▶ Task directions
Exact reproduction is required for the lines below starting at the line with "Обои Большая кровать" and ending at the line with "Ce somptueux ensemble", both included. No other lines, and no pictures.

▶ Entries shown
┄┄┄┄┄┄┄┄┄┄┄┄┄┄┄┄┄┄┄┄
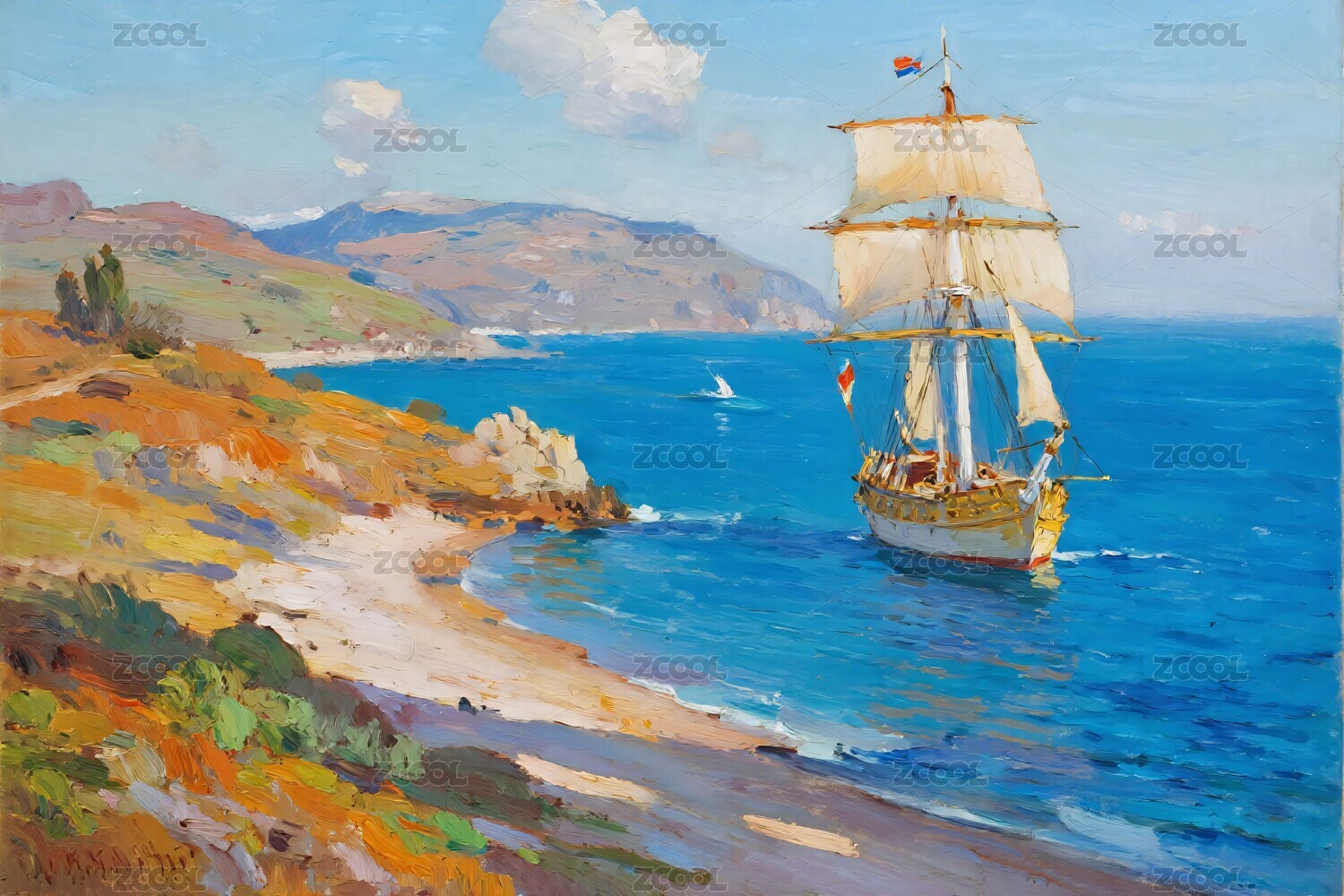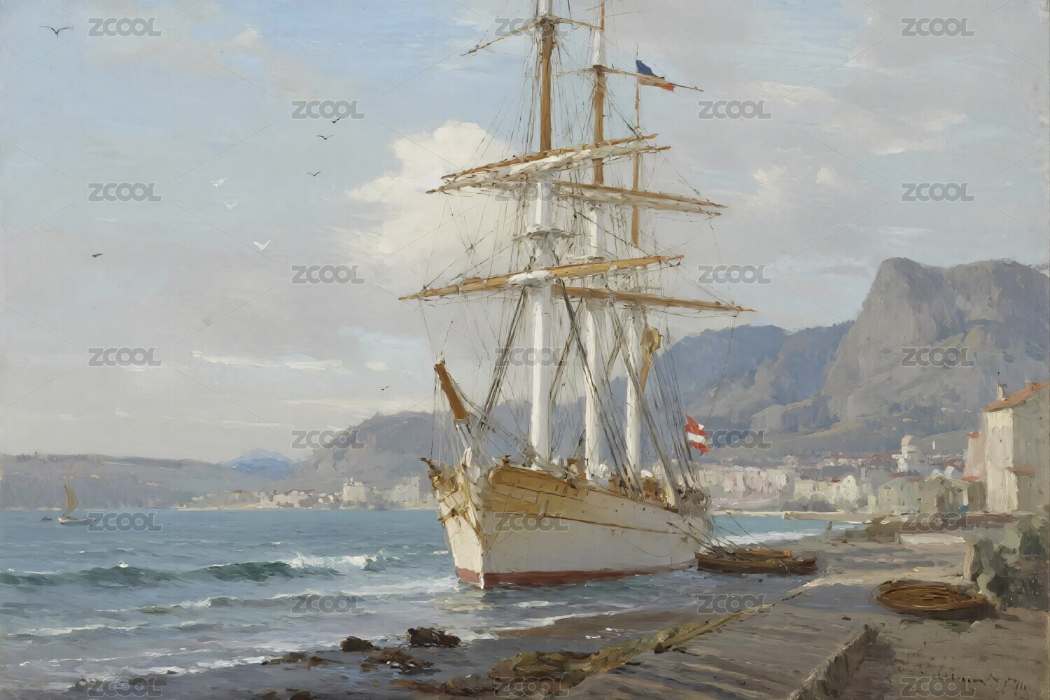 帆船,海面,海岸,山丘,房屋,树木,绘画,风景,插画,艺术
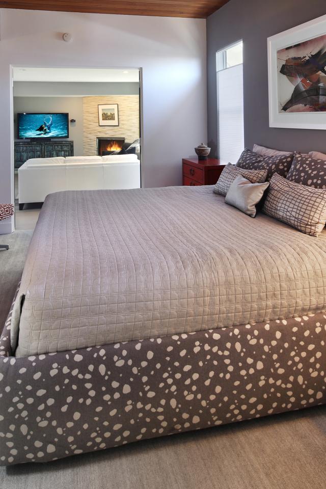 Обои Большая кровать в светлой спальне с камином
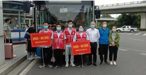 同時,為了服務(wù)好學生返校,新城公司組織雷馳平安志愿者服務(wù)隊在徐州東站出口處集結(jié),隊員們高舉引導牌,迎接工程學院學子的到來?,F(xiàn)場幫助學生們提箱子拿行李,測體溫,查驗“兩碼”,引導學生有序上車。并在車內(nèi)備有應(yīng)急藥箱、消毒濕巾、口罩、飲用水等物資,受到學生們的一致好評!
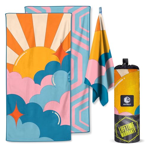 VENTURE 4TH Microfiber Beach Towel: Quick-Dry, Compact, Sand-Free, Absorbent, Sandproof and Lightweight – Perfect for Camping, Beach, and Roadtrips (Sky’s The Limit Design | 35×78 inches)
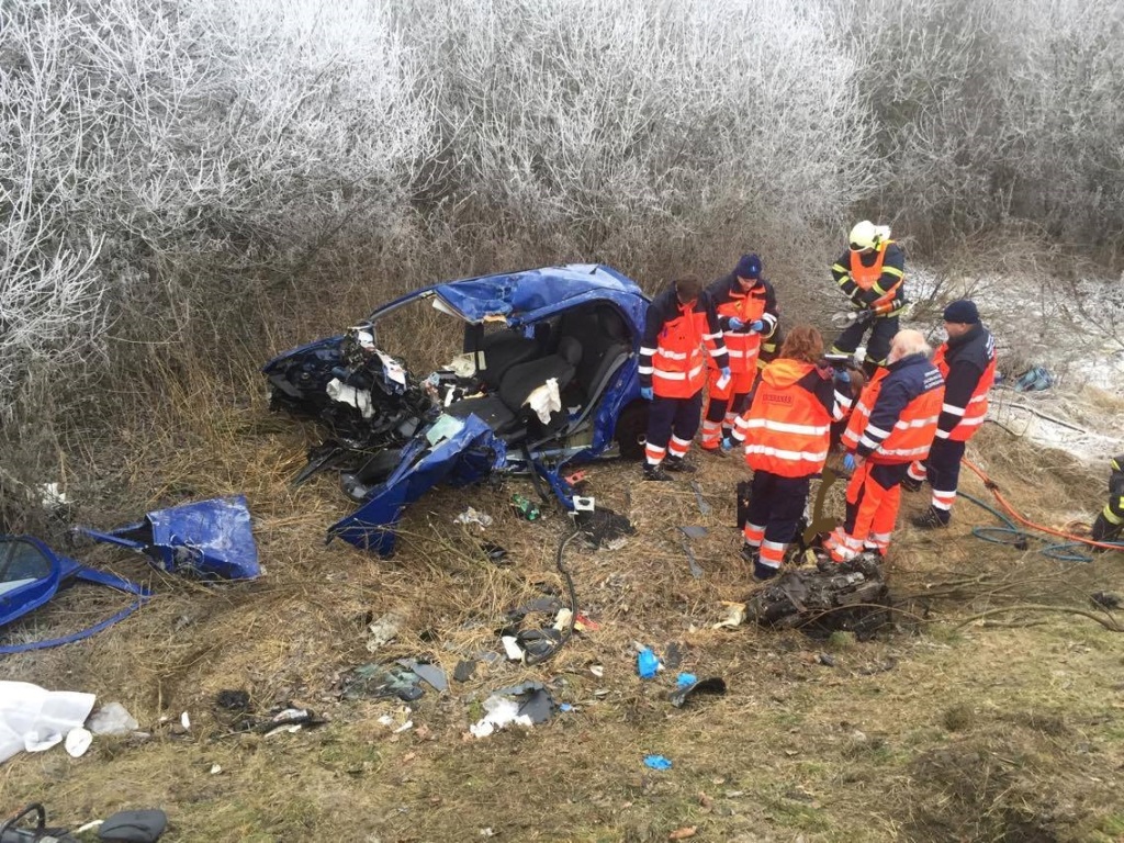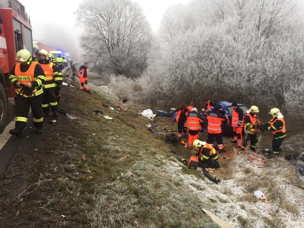 Vozidla se střetla čelně. Osobní auto bylo po nárazu odmrštěno a skončilo na střeše v hlubokém příkopě asi 5 metrů pod úrovní silnice. Uvnitř cestovaly dvě osoby. Řidič i jeho spolujezdkyně byli na místě mrtví. Hasiči vyprostili jejich těla a předali lékaři ZZS a koronerovi k ohledání.
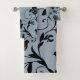 Ce somptueux ensemble de serviettes de bain fleuris présente un motif extensible d'une rose rouge écarlate parfaite avec trois feuilles verts contre un arrière - plan noir.
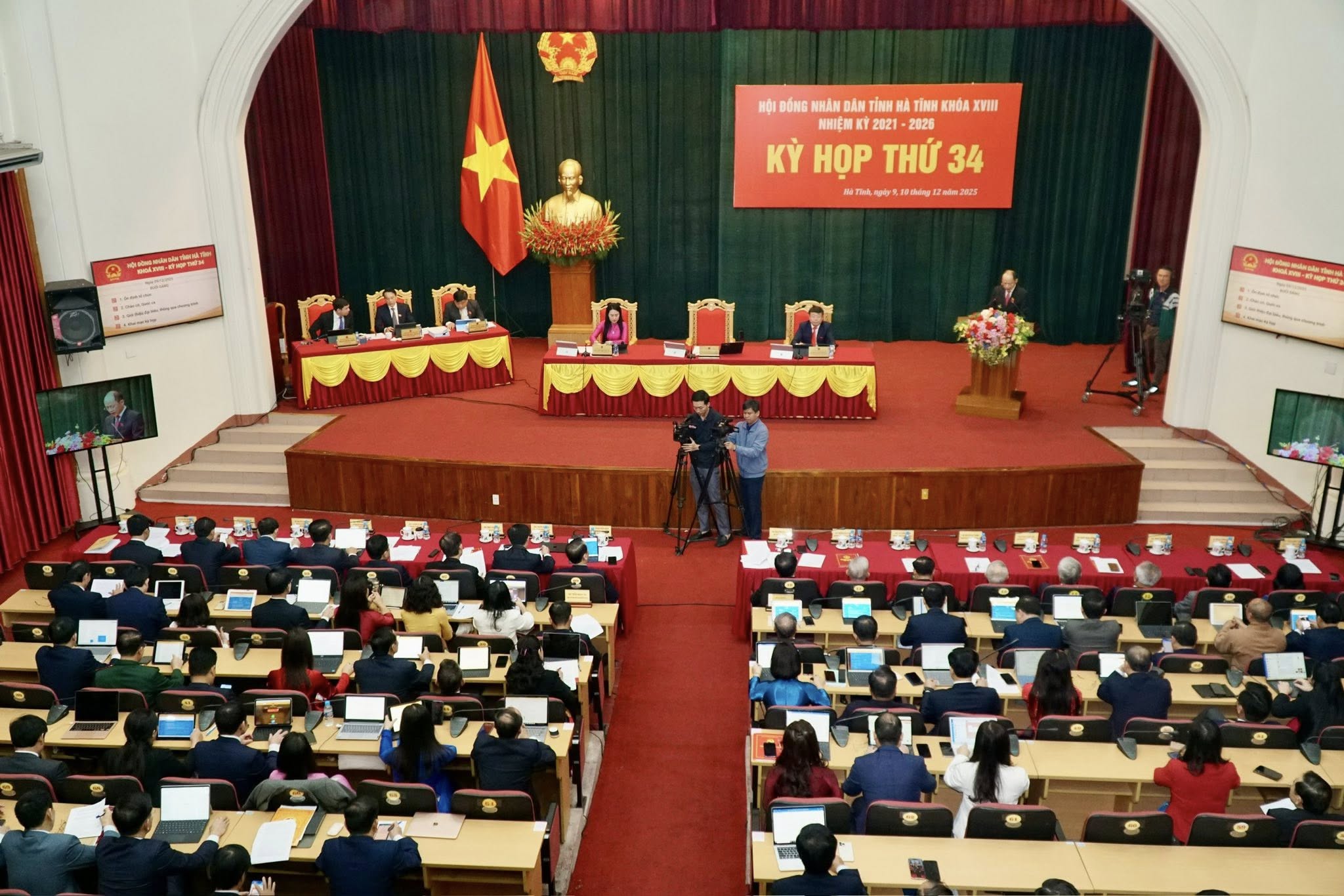 Tham dự kỳ họp có Bí thư Tỉnh ủy Nguyễn Duy Lâm; Phó Bí thư Tỉnh ủy, Chủ tịch UBND tỉnh Phan Thiên Định; các đồng chí nguyên lãnh đạo tỉnh; Ủy viên Ban Thường vụ Tỉnh ủy, lãnh đạo HĐND, UBND, Ủy ban MTTQ Việt Nam tỉnh; đại biểu HĐND tỉnh khóa XVIII.Phó Bí thư Thường trực Tỉnh ủy, Chủ tịch HĐND tỉnh Nguyễn Hồng Lĩnh; Phó Chủ tịch Thường trực HĐND tỉnh Dương Tất Thắng; Phó Chủ tịch HĐND tỉnh Nguyễn Thị Việt Hà chủ tọa kỳ họp.Chủ toạ kỳ họp Phát biểu khai mạc kỳ họp, đồng chí Nguyễn Hồng Lĩnh - Phó Bí thư Thường trực Tỉnh ủy, Chủ tịch HĐND tỉnh nhấn mạnh: Kỳ họp thường lệ cuối năm 2025 là kỳ họp có ý nghĩa quan trọng trong bối cảnh toàn tỉnh đang tập trung hoàn thiện cơ chế, chính sách và triển khai các nhiệm vụ trọng tâm nhằm cụ thể hóa mục tiêu phát triển theo Nghị quyết Đại hội Đảng bộ tỉnh và yêu cầu của giai đoạn phát triển mới.Kỳ họp lần này có khối lượng công việc rất lớn, nội dung toàn diện, bao quát hầu hết các lĩnh vực. Trong đó xem xét, đánh giá tình hình kinh tế - xã hội, quốc phòng - an ninh năm 2025; thảo luận và quyết nghị nhiệm vụ, giải pháp phát triển năm 2026 và giai đoạn 2026-2030; thảo luận, xem xét và quyết nghị nhiều cơ chế, chính sách quan trọng; thực hiện hoạt động chất vấn và trả lời chất vấn đối với những vấn đề được cử tri và Nhân dân quan tâm. Kỳ họp cũng xem xét việc miễn nhiệm, bầu bổ sung Ủy viên UBND tỉnh và thực hiện một số nội dung quan trọng khác theo thẩm quyền.Đồng chí Nguyễn Hồng Lĩnh - Phó Bí thư Thường trực Tỉnh ủy, Chủ tịch HĐND tỉnh khai mạc kỳ họpĐồng chí Nguyễn Hồng Lĩnh đề nghị các vị đại biểu HĐND tỉnh phát huy cao nhất tinh thần trách nhiệm, dân chủ và trí tuệ; tập trung thực hiện tốt việc ứng dụng hệ thống số phục vụ cho kỳ họp; nghiên cứu kỹ các báo cáo, tài liệu; phân tích khách quan, toàn diện kết quả đạt được; thẳng thắn chỉ rõ các tồn tại, hạn chế và nguyên nhân; đồng thời đóng góp nhiều ý kiến tâm huyết, xác đáng, đề xuất các giải pháp khả thi, có tầm nhìn, góp phần vào sự thành công của kỳ họp và sự phát triển của tỉnh trong thời gian tới. Đồng thời mong muốn cử tri quan tâm theo dõi và tích cực gửi ý kiến, góp ý, góp phần nâng cao chất lượng quyết nghị của HĐND tỉnh.Các đại biểu tham dự kỳ họp Ngay sau khai mạc, Phó Chủ tịch Thường trực UBND tỉnh Trần Báu Hà đã báo cáo tóm tắt tình hình kinh tế - xã hội năm 2025; kế hoạch phát triển kinh tế - xã hội năm 2026 và kế hoạch phát triển kinh tế - xã hội giai đoạn 2026-2030.Phó Chủ tịch Thường trực UBND tỉnh Trần Báu Hà nhấn mạnh, năm 2025, trong bối cảnh nhiều khó khăn, thách thức và khối lượng nhiệm vụ lớn, nhưng với tinh thần đoàn kết, sự lãnh đạo sát sao của Tỉnh ủy, điều hành linh hoạt của chính quyền, sự phối hợp của các ngành, giám sát của HĐND tỉnh và sự đồng thuận của Nhân dân, doanh nghiệp, Hà Tĩnh vẫn duy trì ổn định và đạt kết quả tích cực.Trong 28 chỉ tiêu kinh tế - xã hội chủ yếu, dự kiến có 23 chỉ tiêu đạt và vượt kế hoạch. GRDP ước tăng 8,78%, đứng đầu khu vực Bắc Trung Bộ; công nghiệp tiếp tục phục hồi (IIP tăng gần 7%); các dự án trọng điểm được đẩy nhanh; nông nghiệp, xây dựng NTM, đô thị văn minh đạt nhiều kết quả nổi bật, toàn tỉnh hoàn thành 8/8 nội dung tiêu chí NTM vào 30/6/2025. Thương mại, dịch vụ, du lịch tăng khá.Phó Chủ tịch Thường trực UBND tỉnh Trần Báu Hà báo cáo tại kỳ họp  Thu ngân sách năm 2025 ước đạt 19.900 tỷ đồng (112% dự toán, tăng 11% so với cùng kỳ); tổng vốn đầu tư toàn xã hội đạt khoảng 56.000 tỷ đồng; giải ngân vốn đầu tư công đến 5/12 đạt gần 7.000 tỷ đồng, vượt 23,6 % kế hoạch Thủ tướng Chính phủ giao, đạt gần 60% kế hoạch địa phương triển khai. Tỉnh chấp thuận chủ trương 43 dự án đầu tư trong nước với tổng vốn gần 120.000 tỷ đồng và 5 dự án FDI với tổng vốn đăng ký 22,9 triệu USD.Lĩnh vực văn hóa - xã hội tiếp tục đạt nhiều thành tích. Chất lượng giáo dục toàn diện và giáo dục mũi nhọn được nâng cao; an sinh xã hội được bảo đảm; tỷ lệ hộ nghèo đa chiều cuối năm 2025 giảm còn dưới 1,9%, hộ cận nghèo còn 2,5%. Tỉnh hoàn thành việc xây mới, sửa chữa 2.281 nhà tạm, dột nát cho người có công, hộ nghèo, hộ cận nghèo, vượt trước 5 tháng so với Trung ương giao. Các chỉ số PAR Index, PAPI, chuyển đổi số tiếp tục thuộc nhóm tốt của cả nước; tỷ lệ hồ sơ trực tuyến đạt 96,5%, cao nhất khu vực Bắc Trung Bộ. Quốc phòng - an ninh được đảm bảo; công tác đối ngoại tăng cường.Đại biểu tham dự kỳ họpĐồng chí Trần Báu Hà cũng cho biết, 2025 là năm tỉnh quyết liệt triển khai sắp xếp tổ chức bộ máy, sáp nhập đơn vị hành chính cấp xã và vận hành mô hình chính quyền địa phương hai cấp. Sau sắp xếp đã giảm 5 s
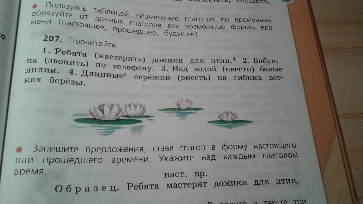 Бабушка звонит(н.вр.) по телефону.Над водой цветут(н.вр.) белые лилии.Длинные серёжки висят(н.вр.) на гибких ветках берёзы.
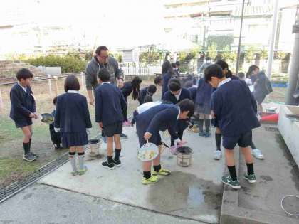 2月1日、3年生が七輪を使って炭火を起こし、餅を焼く体験学習にトライしました!
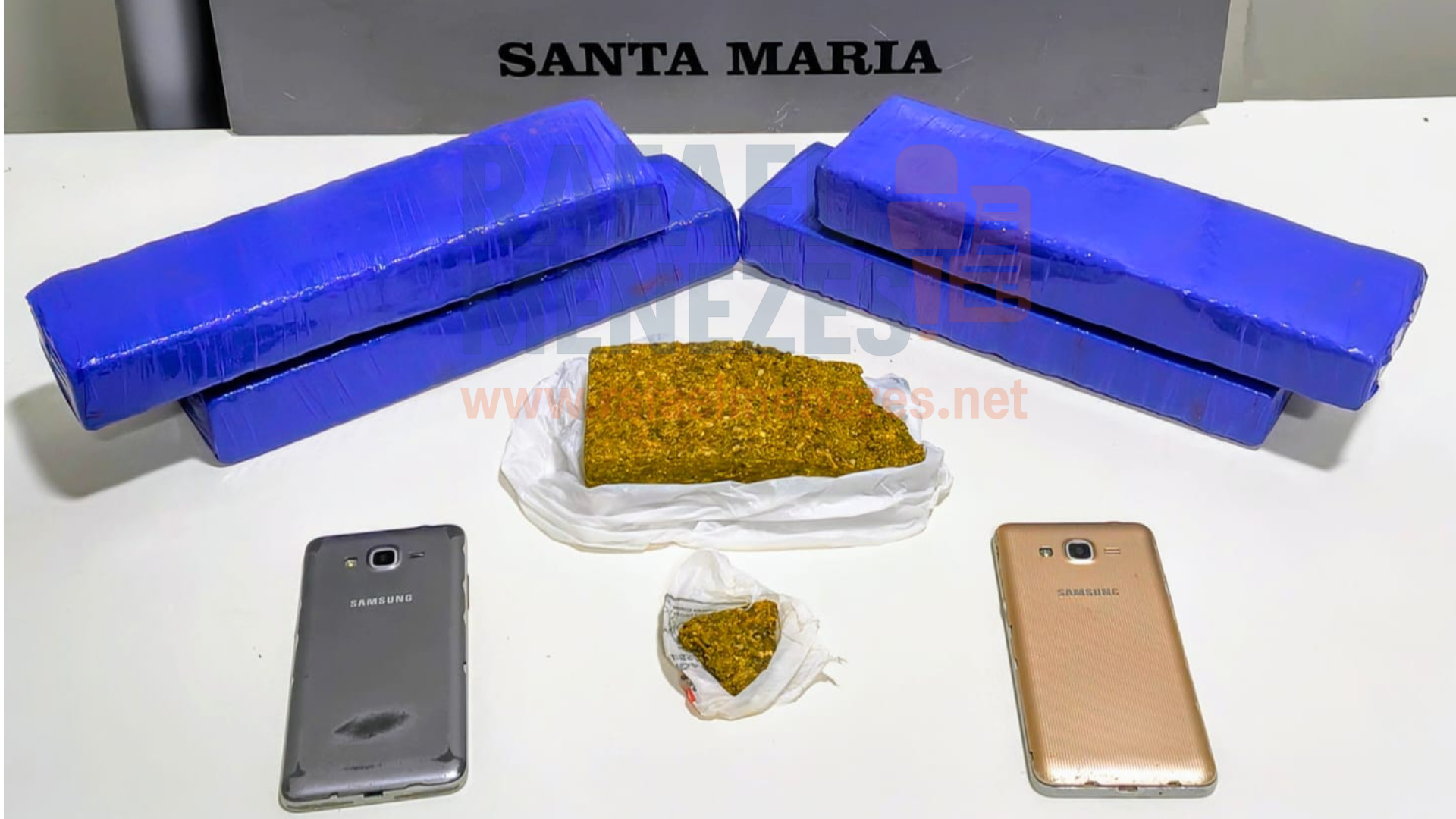 Durante a revista, os policiais encontraram dentro da mochila quatro tijolos de maconha, totalizando 2.616 gramas, além de duas porções da mesma droga, que somaram 344 gramas. Também foram apreendidos dois celulares da marca Samsung.
┄┄┄┄┄┄┄┄┄┄┄┄┄┄┄┄┄┄┄┄
▶ Task result
 Обои Большая кровать в светлой спальне с камином
 同時,為了服務(wù)好學生返校,新城公司組織雷馳平安志愿者服務(wù)隊在徐州東站出口處集結(jié),隊員們高舉引導牌,迎接工程學院學子的到來?,F(xiàn)場幫助學生們提箱子拿行李,測體溫,查驗“兩碼”,引導學生有序上車。并在車內(nèi)備有應(yīng)急藥箱、消毒濕巾、口罩、飲用水等物資,受到學生們的一致好評!
 VENTURE 4TH Microfiber Beach Towel: Quick-Dry, Compact, Sand-Free, Absorbent, Sandproof and Lightweight – Perfect for Camping, Beach, and Roadtrips (Sky’s The Limit Design | 35×78 inches)
 Vozidla se střetla čelně. Osobní auto bylo po nárazu odmrštěno a skončilo na střeše v hlubokém příkopě asi 5 metrů pod úrovní silnice. Uvnitř cestovaly dvě osoby. Řidič i jeho spolujezdkyně byli na místě mrtví. Hasiči vyprostili jejich těla a předali lékaři ZZS a koronerovi k ohledání.
 Ce somptueux ensemble de serviettes de bain fleuris présente un motif extensible d'une rose rouge écarlate parfaite avec trois feuilles verts contre un arrière - plan noir.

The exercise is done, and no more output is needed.